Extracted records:

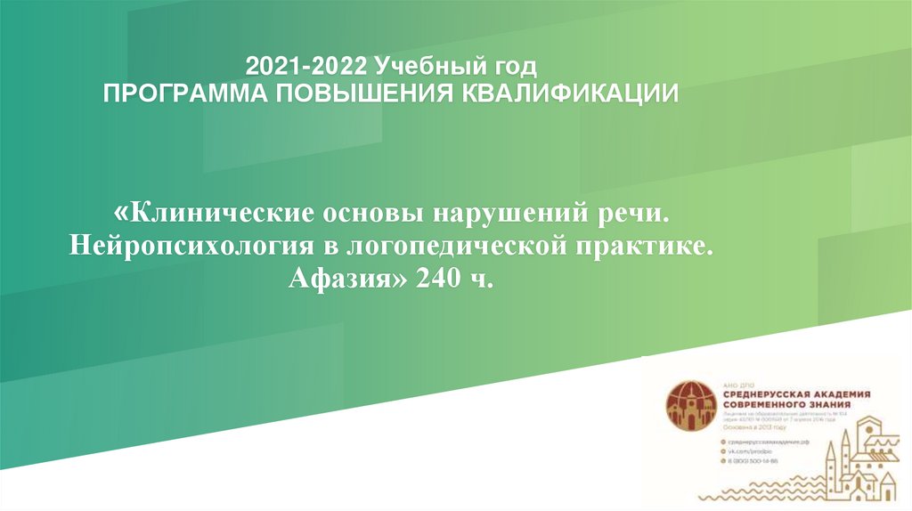 Программа повышения квалификации «Клинические основы нарушений речи. Нейропсихология
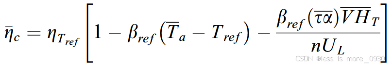 其中,上划线为月平均量,n为每天小时数,UL为总热损失系数,HT 为阵列平面上的月平均日照量,V 为日落角度、月平均清晰度指数、阵列月总辐射与水平表面辐射之比等量的无量纲函数。
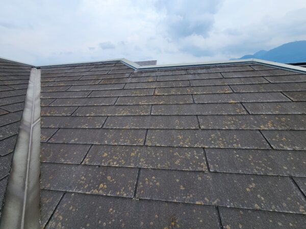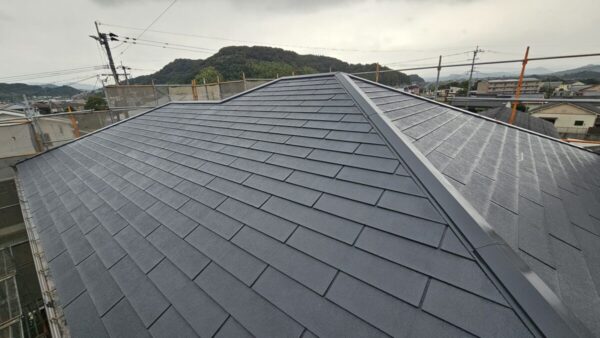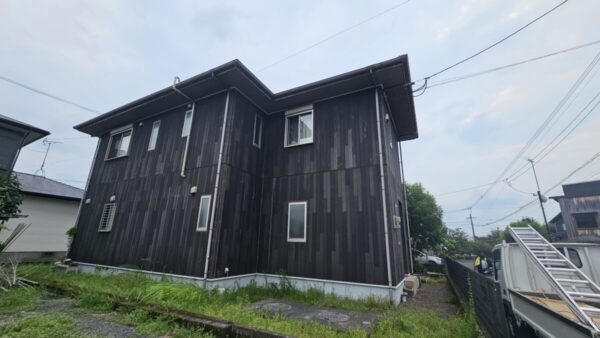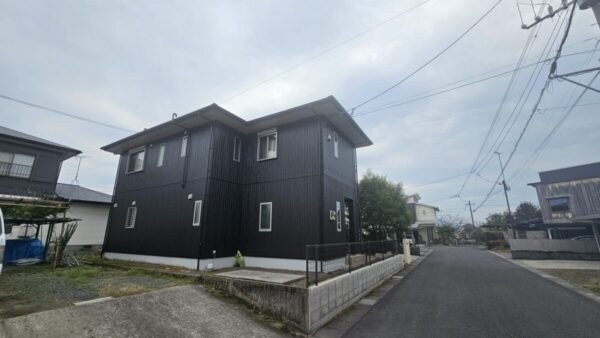 屋根はコロニアル専用の下塗り材を塗布した後、ハイパーユメロックをアイアングレー色で中塗り・上塗りの2回塗りで仕上げました。鹿児島特有の強い日差しや火山灰の影響を受けやすい屋根に対し、耐候性と防水性を高める塗料を選定しています。落ち着いたダークグレー系の色味で、外壁との相性も良く、住まい全体をぐっと引き締める印象になりました。
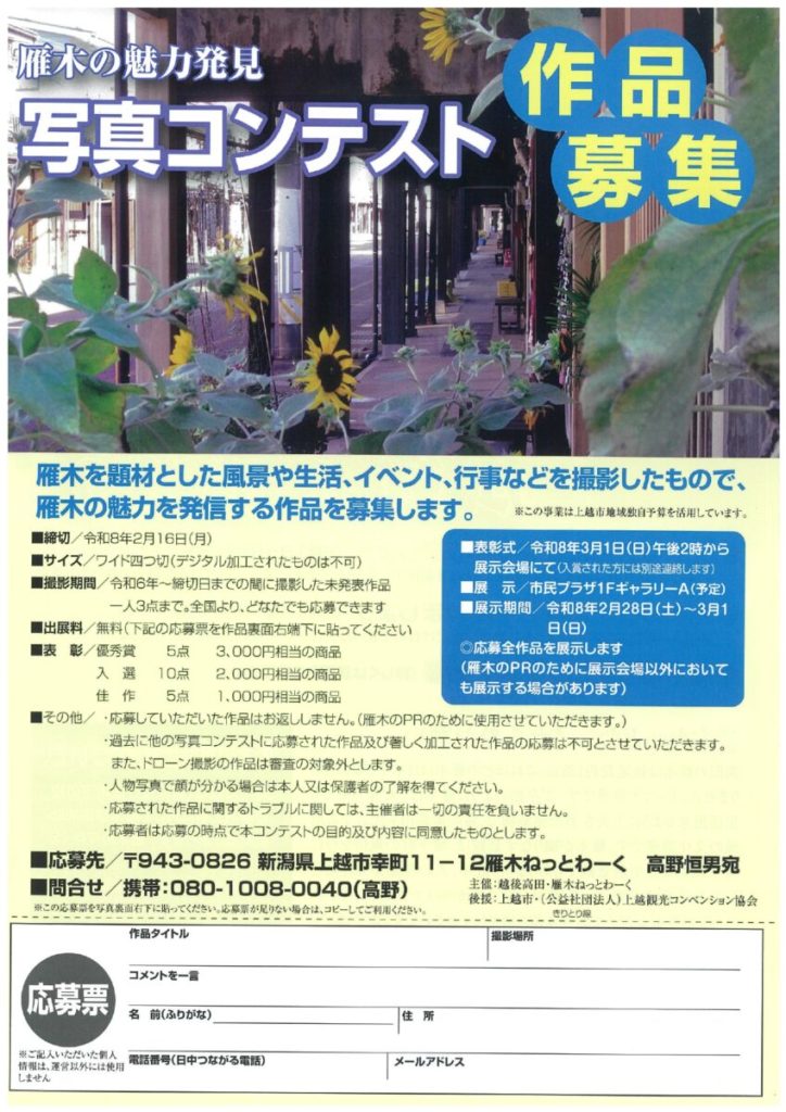 応募先/〒943-0826 上越市幸町11-12 雁木ねっとわーく 高野恒男宛
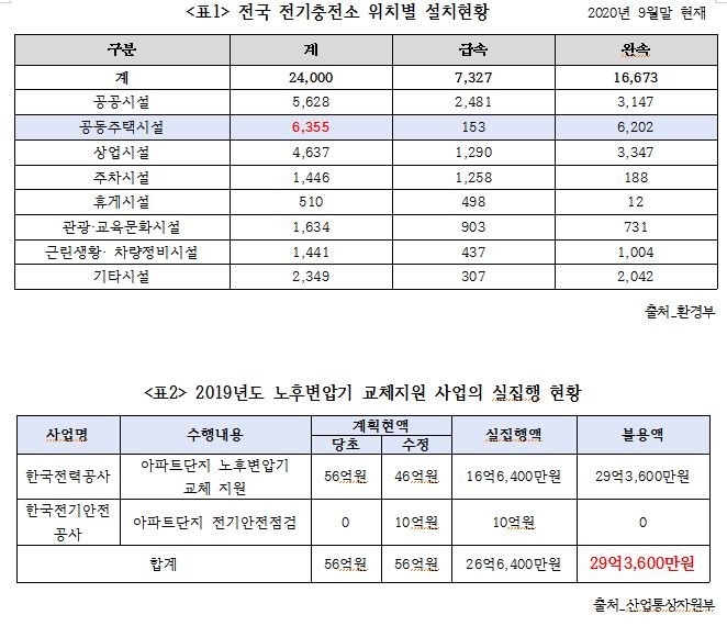 7일, 국회 산업통상자원중소벤처위원회 소속 최승재 의원(국민의힘, 비례대표)이 환경부와 산업통상자원부로부터 제출받은 국정감사 자료에 따르면, 금년 9월말 현재 전국의 전기차 충전소 2만3,548기 중 6,355기가 아파트단지에 설치된 것으로 조사됐다. <표1>
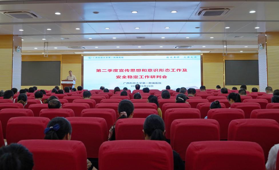 6月29日,广西科技大学第一附属医院(第一临床医学院)在医院学术报告厅召开了2023年第二季度宣传思想和意识形态工作及安全稳定工作研判会。医院(学院)党委书记庞晓红作主题研判,党委委员、副院长闭雄杰总结分析了第二季度安全工作,全体院领导、全体中层干部、护士长共150多人参加会议。
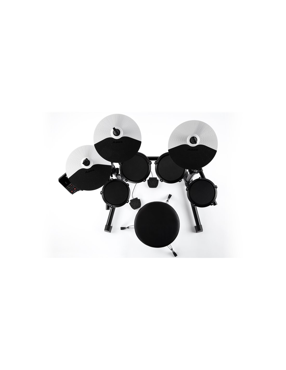 Debut Kit includes the DM-Lite sound module equipped with 10 drum preset KITS programmed by Alesis using 120 sounds that use a proprietary technology of the American company: Intelligent Dynamic Articulation.These kits cover most traditional and modern musical genres in which the drum instrument, whether acoustic or electronic, plays an important role. The sound module can be connected to a mixer or to any amplifier system using the ¼” jack audio outputs, for example to an Alesis Strike Amp 8 speaker (NOT included: click here for information). When you don't want to disturb, you can use the headphones to play and practice with complete peace of mind. The Debut KIT module includes a virtual drum instructor with 30 tracks and special rhythm exercises to help you improve your drumming. Thanks to the stereo mini-jack input (TRS 1/8”) you can connect any audio source (smartphone, iPad, computer, audio player) to the sound module on which
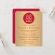 Um design contemporâneo que apresenta o caráter chinês "Felicidade dupla" como um carimbo circular. O termo "Dupla Felicidade" escrito xi ou "hsi" em mandarim e pronunciado "shuang-xi" é um conhecido personagem chinês usado tradicionalmente no casamento chinês como símbolo de amor, felicidade e sorte para o recém-casado casal. A cor vermelha é uma cor auspiciosa e uma cor popular na cultura chinesa. Ele simboliza sorte, felicidade e alegria. O uso do ouro como cor de fundo traz prosperidade e sucesso na união. Um design verdadeiramente ajustado para qualquer celebração de casamento chinesa.
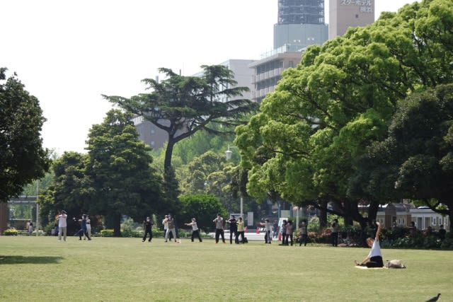 望遠で撮っているので近いように見えますが、皆さんちゃんと距離をとって、全員マスクをしてやっていました。健康的でいいですね。(そもそも太極拳は近づいたらできませんもんね)横浜に引越したら、こういう公園で太極拳やるグループにはいりたいな〜なんて思っていたのを思い出しました。

**Brief:** Since the pictures are not wanted, write out the rest of the data exactly as it reads.

**Task result:**
 Программа повышения квалификации «Клинические основы нарушений речи. Нейропсихология
 其中,上划线为月平均量,n为每天小时数,UL为总热损失系数,HT 为阵列平面上的月平均日照量,V 为日落角度、月平均清晰度指数、阵列月总辐射与水平表面辐射之比等量的无量纲函数。
 屋根はコロニアル専用の下塗り材を塗布した後、ハイパーユメロックをアイアングレー色で中塗り・上塗りの2回塗りで仕上げました。鹿児島特有の強い日差しや火山灰の影響を受けやすい屋根に対し、耐候性と防水性を高める塗料を選定しています。落ち着いたダークグレー系の色味で、外壁との相性も良く、住まい全体をぐっと引き締める印象になりました。
 応募先/〒943-0826 上越市幸町11-12 雁木ねっとわーく 高野恒男宛
 7일, 국회 산업통상자원중소벤처위원회 소속 최승재 의원(국민의힘, 비례대표)이 환경부와 산업통상자원부로부터 제출받은 국정감사 자료에 따르면, 금년 9월말 현재 전국의 전기차 충전소 2만3,548기 중 6,355기가 아파트단지에 설치된 것으로 조사됐다. <표1>
 6月29日,广西科技大学第一附属医院(第一临床医学院)在医院学术报告厅召开了2023年第二季度宣传思想和意识形态工作及安全稳定工作研判会。医院(学院)党委书记庞晓红作主题研判,党委委员、副院长闭雄杰总结分析了第二季度安全工作,全体院领导、全体中层干部、护士长共150多人参加会议。
 Debut Kit includes the DM-Lite sound module equipped with 10 drum preset KITS programmed by Alesis using 120 sounds that use a proprietary technology of the American company: Intelligent Dynamic Articulation.These kits cover most traditional and modern musical genres in which the drum instrument, whether acoustic or electronic, plays an important role. The sound module can be connected to a mixer or to any amplifier system using the ¼” jack audio outputs, for example to an Alesis Strike Amp 8 speaker (NOT included: click here for information). When you don't want to disturb, you can use the headphones to play and practice with complete peace of mind. The Debut KIT module includes a virtual drum instructor with 30 tracks and special rhythm exercises to help you improve your drumming. Thanks to the stereo mini-jack input (TRS 1/8”) you can connect any audio source (smartphone, iPad, computer, audio player) to the sound module on which
 Um design contemporâneo que apresenta o caráter chinês "Felicidade dupla" como um carimbo circular. O termo "Dupla Felicidade" escrito xi ou "hsi" em mandarim e pronunciado "shuang-xi" é um conhecido personagem chinês usado tradicionalmente no casamento chinês como símbolo de amor, felicidade e sorte para o recém-casado casal. A cor vermelha é uma cor auspiciosa e uma cor popular na cultura chinesa. Ele simboliza sorte, felicidade e alegria. O uso do ouro como cor de fundo traz prosperidade e sucesso na união. Um design verdadeiramente ajustado para qualquer celebração de casamento chinesa.
 望遠で撮っているので近いように見えますが、皆さんちゃんと距離をとって、全員マスクをしてやっていました。健康的でいいですね。(そもそも太極拳は近づいたらできませんもんね)横浜に引越したら、こういう公園で太極拳やるグループにはいりたいな〜なんて思っていたのを思い出しました。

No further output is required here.